Patients' mean age was 52, mean disease duration was 7 years, and more than 80% were women.
Baseline DAS28 was 6.8, swollen joint count was 18, and tender joint count was 27.
A total of 90% of patients in the sarilumab group and 84% of those in the adalimumab group completed the 24-week double-blind phase of the trial.
By week 12, the change in DAS28 was -2.77 for the sarilumab group versus -1.88 in the adalimumab group, for a difference of -0.89 (95% CI -1.18 to -0.59, P<0.0001).
On the Clinical Disease Activity Index, which assesses clinical response without including acute-phase reactants such as erythrocyte sedimentation rate or C-reactive protein, more patients receiving sarilumab had achieved low disease activity at week 24 (41.8% versus 24.9%, P=0.0005) or remission (7.1% vs 2.7%, P=0.0468).
The proportions of patients who had 20%, 50%, and 70% responses on the criteria of the American College of Rheumatology at week 24 also were significantly higher in the sarilumab group, at 71.7%, 45.7%, and 23.4%, respectively, compared with 58.4%, 29.7%, and 11.9% (P≤0.0074 for all).
Improvements on the Health Assessment Questionnaire Disability Index also favored sarilumab, with changes from baseline of -0.61 versus -0.43, for a difference of -0.18 (95% CI -0.31 to -0.06, P=0.0037).
Those receiving sarilumab also had greater improvements at week 24 on the Short Form-36 Physical Component Score, while the groups showed similar benefits on the Short Form-36 Mental Component Score.
Approximately two-thirds of patients in both groups reported any adverse event, while the rates of serious adverse events were similar in the sarilumab and adalimumab groups (4.9% versus 6.5%).

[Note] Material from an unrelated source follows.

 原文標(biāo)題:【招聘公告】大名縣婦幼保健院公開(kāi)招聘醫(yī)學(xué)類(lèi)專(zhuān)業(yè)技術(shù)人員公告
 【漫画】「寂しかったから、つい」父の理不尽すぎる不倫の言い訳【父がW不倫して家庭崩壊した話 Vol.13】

Infections were seen in 28.8% and 27.7%, respectively. One death occurred in the sarilumab group, from cardiac failure after aortic dissection and rupture of the papillary muscle.

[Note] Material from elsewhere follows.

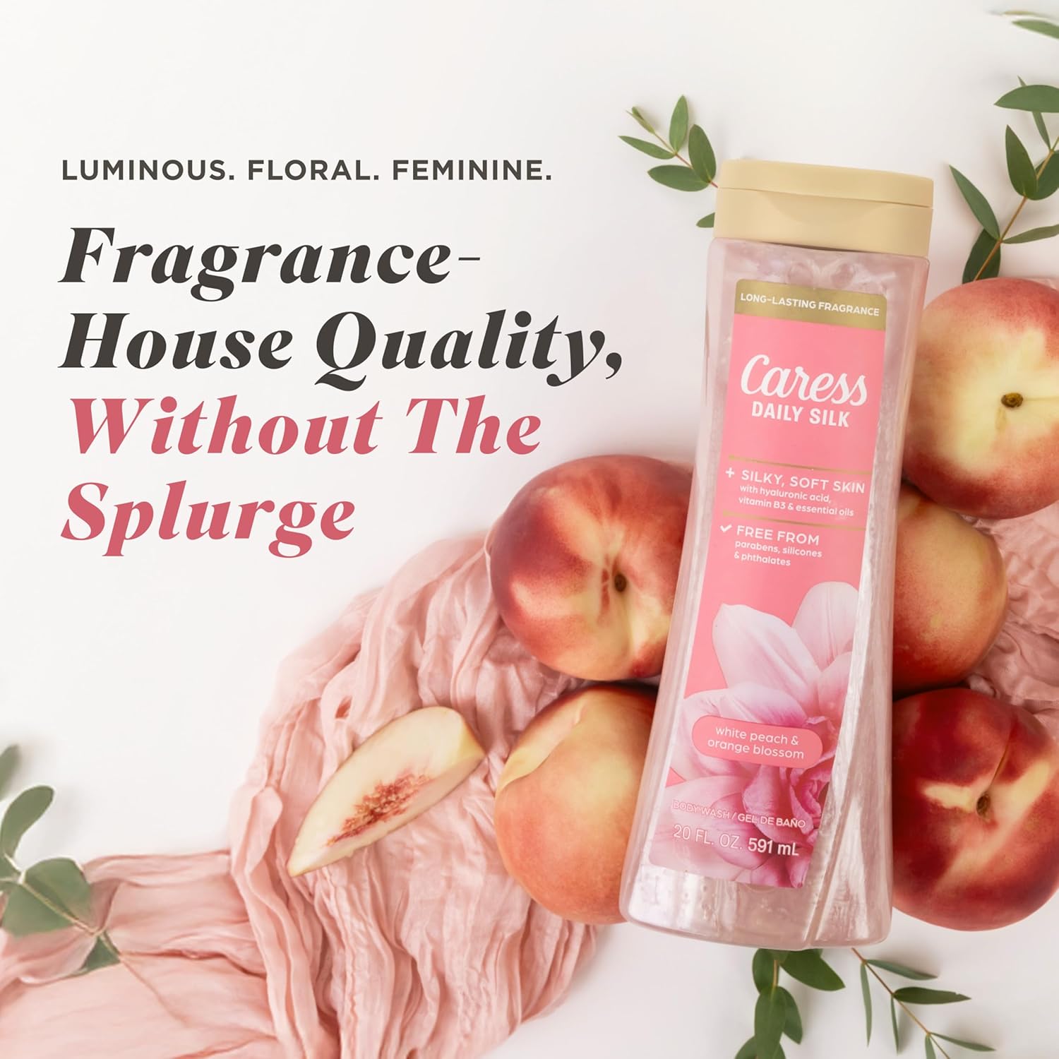 Trends fade. But a signature scent? She stays. Meet your new main character moment: Caress Daily Silk Body Wash. Infused with luxury-grade, long-lasting fragrance, this luxurious body wash immerses your senses in silky lather and lasting scent. One swipe reveals crisp, juicy white peach and bright orange blossom that open with a fresh, inviting burst, unfolding into soft florals that bring a smooth, elegant finish. The lush scent lingers lightly, leaving skin subtly refreshed. Formulated with hyaluronic acid, vitamin B3, and essential oils, this liquid body wash creates rich lather that hydrates and smooths for lotion-soft skin. Gentle enough for sensitive skin, it delivers a gentle cleanse without harshness. The formula is pH balanced, dermatologist tested, free from parabens, silicones, and phthalates. Caress indulges your senses and renews your spirit: it hydrates thirsty skin and keeps you feeling luxuriously clean. Use morning or night, it’s your everything shower essential, upgraded with fragrance that pops, texture that pampers, and skin that glows. So go ahead, lather accordingly. Massage onto skin with your preferred cleansing method and let the scent and softness take over.

Injection site reactions occurred in 9.2% of the sarilumab group and in 4.3% of the adalimumab group.
Neutropenia was reported in 13.6% of the sarilumab group and in 0.5% of the adalimumab group. Elevations of alanine aminotransferase of 1 to 3 times the upper limit of normal occurred in 33.7% of the sarilumab group and in 21.2% of the adalimumab group, with mean increases of 6.1 IU/L and 2.1 IU/L at week 24, respectively. Increases in serum lipids were observed in 1.6% of the sarilumab group compared with 4.3% of the adalimumab group.
"In MONARCH, changes in laboratory values in the sarilumab group, including neutropenia, liver transaminases, and total cholesterol, were expected class effects," the investigators noted.
"These data demonstrate that sarilumab improves signs and symptoms and functional disability of RA and is an appropriate, effective, and superior monotherapy compared with TNF-α inhibition for patients who are unsuitable candidates for continued treatment with methotrexate," they concluded.
A limitation of the study was the lack of information about radiographic outcomes.
The study was sponsored by Sanofi Genzyme and Regeneron Pharmaceuticals.
Burmester and co-authors disclosed relevant relationships with Sanofi Genzyme, Regeneron, AbbVie, Bristol-Myers Squibb, MedImmune, Merck, Pfizer, Roche, and UCB.